| Activity |
Copy the records below exactly, starting at the line that contains "TIOBE 公布的数据显示,C# 凭借" and ending at the line that contains "老甜媽選用的黑糖,是特別請廠"; leave out any pictures.

| Input |
==============================

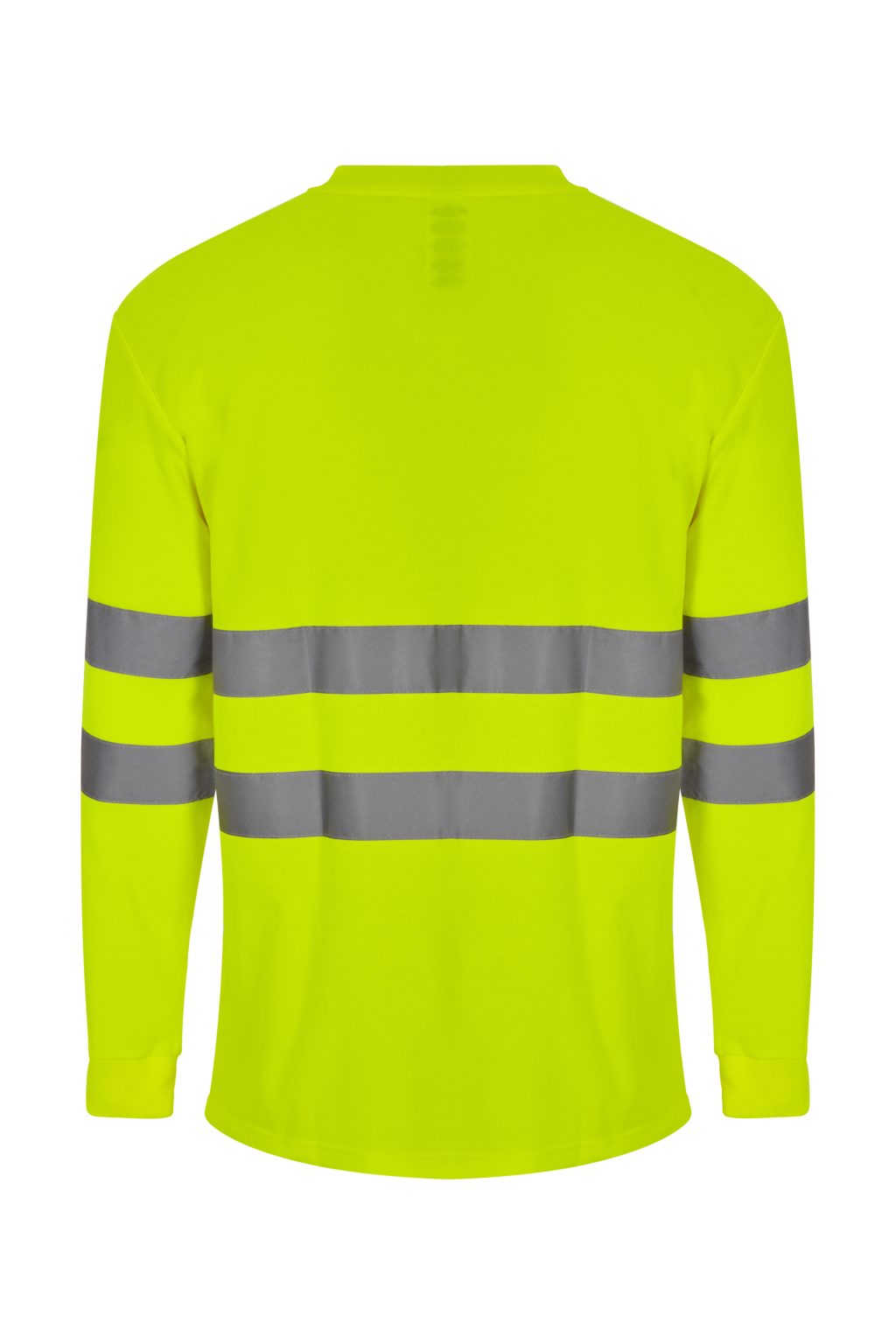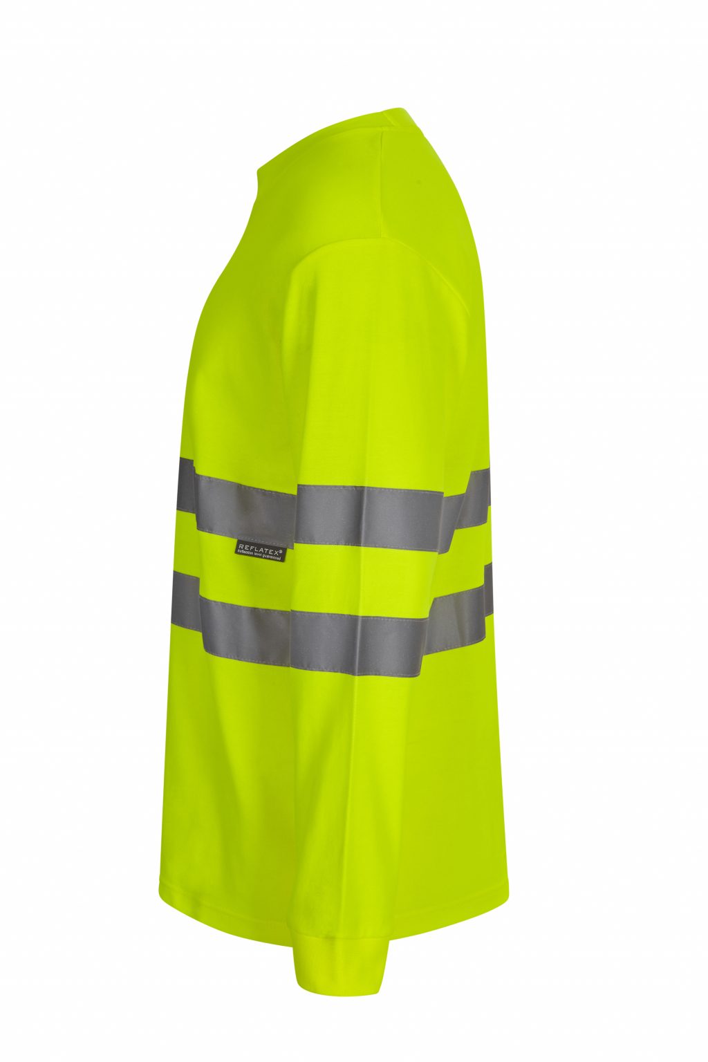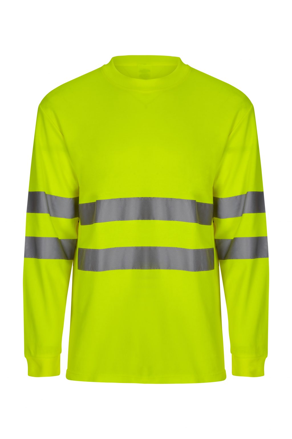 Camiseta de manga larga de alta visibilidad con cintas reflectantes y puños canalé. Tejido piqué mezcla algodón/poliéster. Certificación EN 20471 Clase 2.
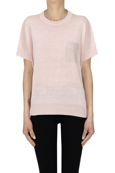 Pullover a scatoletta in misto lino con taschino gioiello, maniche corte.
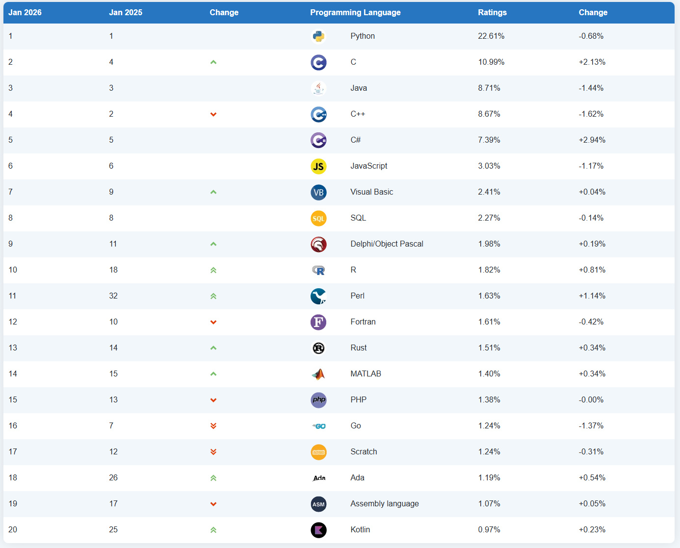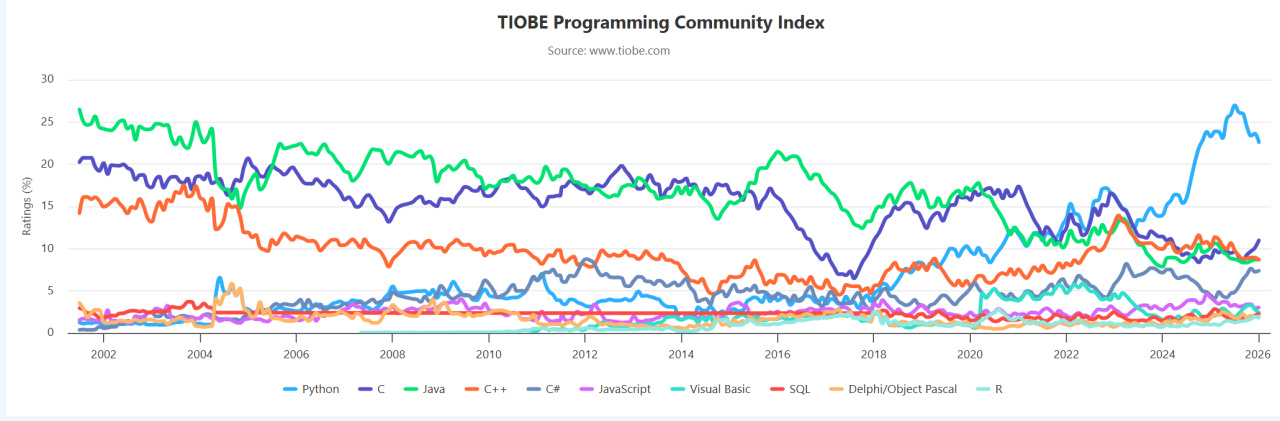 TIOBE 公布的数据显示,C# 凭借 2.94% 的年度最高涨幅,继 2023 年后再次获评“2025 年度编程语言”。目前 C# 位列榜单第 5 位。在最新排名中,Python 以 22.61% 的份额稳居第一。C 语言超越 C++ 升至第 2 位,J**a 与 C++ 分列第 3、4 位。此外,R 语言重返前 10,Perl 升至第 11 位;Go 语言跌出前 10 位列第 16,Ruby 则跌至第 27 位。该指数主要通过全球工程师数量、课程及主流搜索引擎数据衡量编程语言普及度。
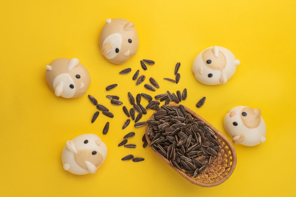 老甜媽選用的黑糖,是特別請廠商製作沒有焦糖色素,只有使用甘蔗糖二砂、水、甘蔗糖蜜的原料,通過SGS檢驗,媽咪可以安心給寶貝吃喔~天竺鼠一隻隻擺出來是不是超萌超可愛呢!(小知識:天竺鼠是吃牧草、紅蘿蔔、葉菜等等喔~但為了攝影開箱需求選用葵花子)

==============================

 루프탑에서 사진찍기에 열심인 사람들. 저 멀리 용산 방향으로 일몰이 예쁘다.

==============================

| Response |
 TIOBE 公布的数据显示,C# 凭借 2.94% 的年度最高涨幅,继 2023 年后再次获评“2025 年度编程语言”。目前 C# 位列榜单第 5 位。在最新排名中,Python 以 22.61% 的份额稳居第一。C 语言超越 C++ 升至第 2 位,J**a 与 C++ 分列第 3、4 位。此外,R 语言重返前 10,Perl 升至第 11 位;Go 语言跌出前 10 位列第 16,Ruby 则跌至第 27 位。该指数主要通过全球工程师数量、课程及主流搜索引擎数据衡量编程语言普及度。
 老甜媽選用的黑糖,是特別請廠商製作沒有焦糖色素,只有使用甘蔗糖二砂、水、甘蔗糖蜜的原料,通過SGS檢驗,媽咪可以安心給寶貝吃喔~天竺鼠一隻隻擺出來是不是超萌超可愛呢!(小知識:天竺鼠是吃牧草、紅蘿蔔、葉菜等等喔~但為了攝影開箱需求選用葵花子)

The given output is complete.